Today is the first day that the “new” Form I-9 must be used by all U.S. employers. The problem? The new Form I-9 is virtually the same as the “old” Form I-9, but the new Form I-9 disallows an entire segment of the authorized legal work population from using documents they previously used to verify their employment eligibility from now doing so. The USCIS displayed a callous indifference to the ability of thousands of people, legally authorized to work in the United States, to obtain and retain employment.
The Form I-9 was revised as the result of a 1998 change in statute pertaining to employment verification (Yes 10 years ago!). The new Form I-9 fails to account for many situations where people are actually authorized for employment: Nothing in the orm I-9 allows for the work authorization most often used by spouses of U.S. citizens or by investors who have created at least 10 new jobs in the U.S. who are still under the “conditional” status that precedes-sometimes for years-issuance of a full green card. Also omitted is the interim work authorization given by regulation to individuals who are waiting for USCIS to complete its slow process of renewing a work-authorized status. People given haven in the U.S. under Temporary Protected Status (TPS) have no way under the form to document to an employer the automatic extension of work authorization that USCIS declares when TPS designation is extended. The list goes on, and is shockingly long.

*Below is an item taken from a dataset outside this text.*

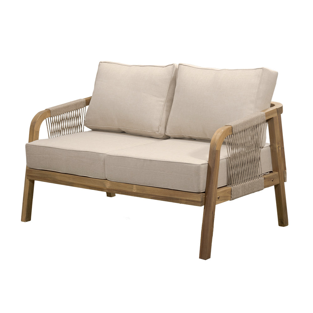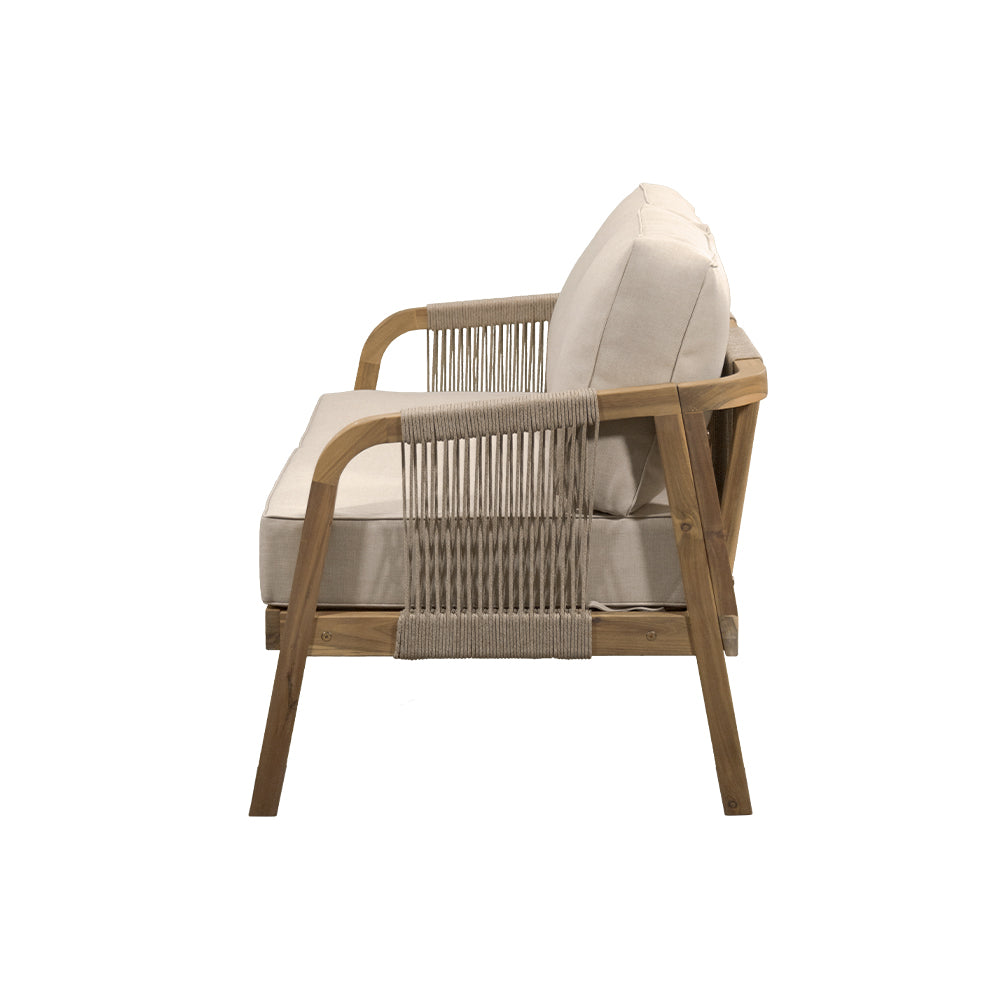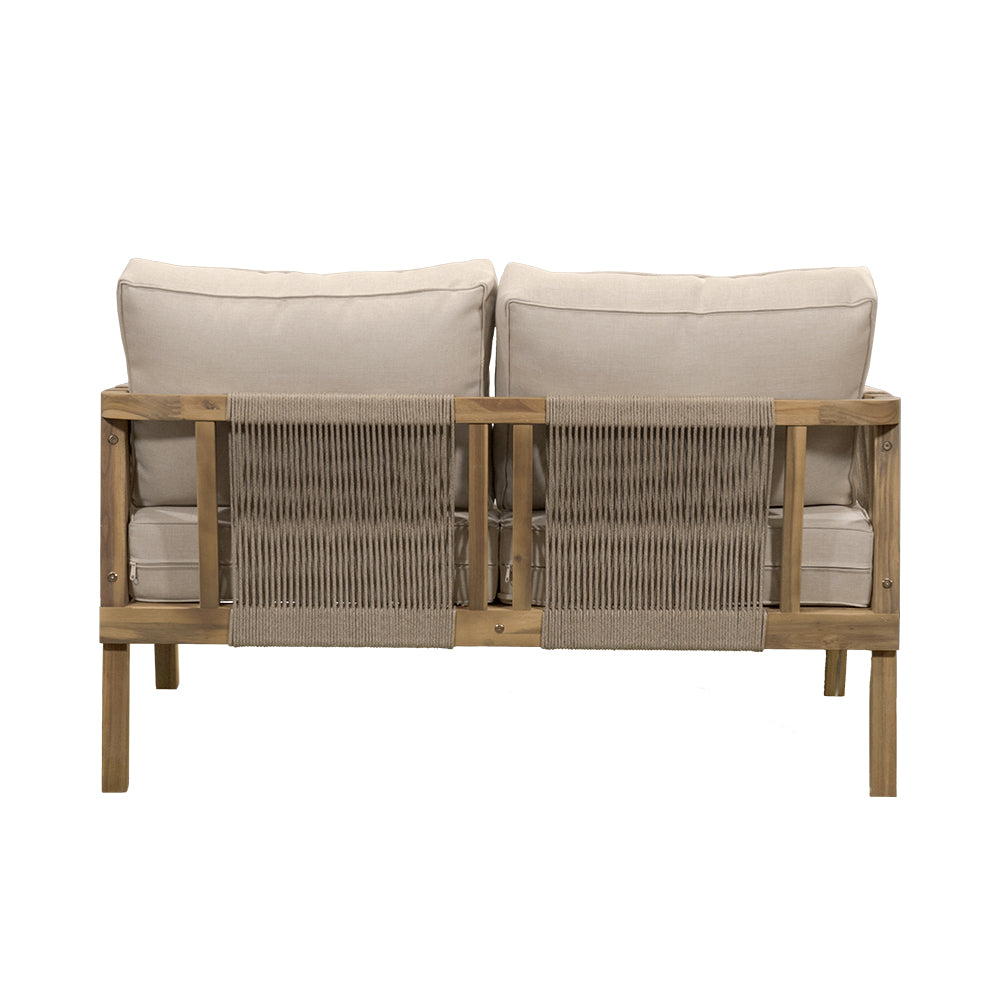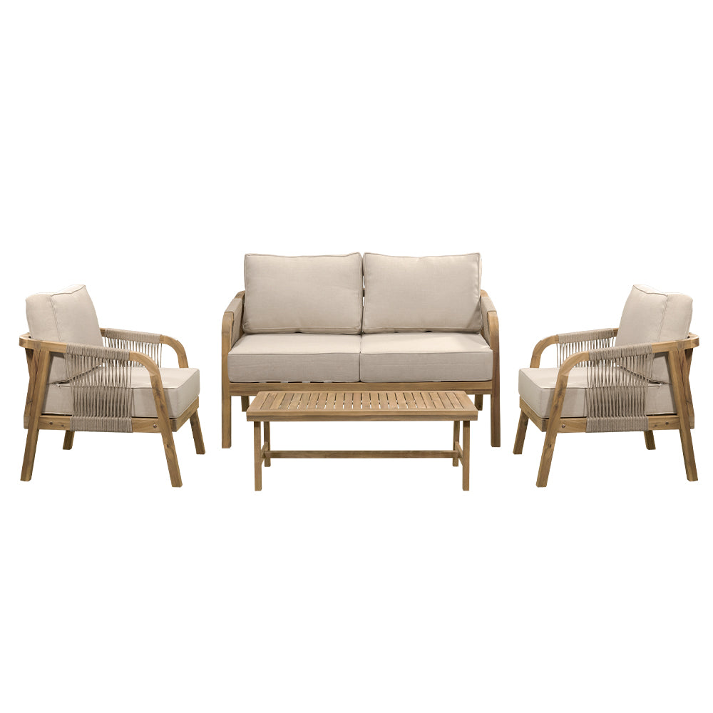 Comodidad y estilo natural para terrazas. La Sala Emilia combina estructura de madera de acacia en tono natural con tejido de cuerda y cojinería en beige, ofreciendo un ambiente acogedor y elegante. Conformada por 4 piezas —dos sillones individuales, un love seat y una mesa de centro— es ideal para crear espacios de reunión y relajación en exteriores cubiertos.
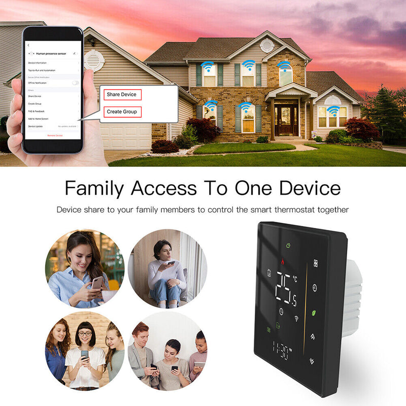 4.Smart Phone APP Remote Control:Remotely control your home temperature to attain advanced comfort via your Tuya/Smart Life App with no hub required,easy to operate on your smart phones anywhere you are,supporting the creation of product local groups/shares to achieve unlimited centralized control of the number of products/multi-terminal control for real-sensing intelligence.

These situations are not technicalities. They represent real people with legal, work-authorized status in the U.S. The real shame is that the USCIS has spent a decade trying to develop this form, and still managed to ignore these key issues. While the prior Form also did not account for these situations, guidance and interim measures were developed to cover them. Those measures all appear to go out the same door through which the new form enters. Many thousands of people with the right to work in the U.S. will not be able to document that right, and employers are left with no indication of how to handle these employees.
DHS and USCIS delayed implementation of this form once for 60 days in order to allow for more public comments, but have elected to go forward with the form unchanged notwithstanding significant criticism of the form and its legal inadequacies. The USCIS needs to further defer implementation of this “new” Form I-9 until it can issue a truly useable form with proper instructions. The fact that a one page form, used by all U.S. employers, requires a 65 page “handbook” to fill it out correctly, is yet one more indication of broken immigration system.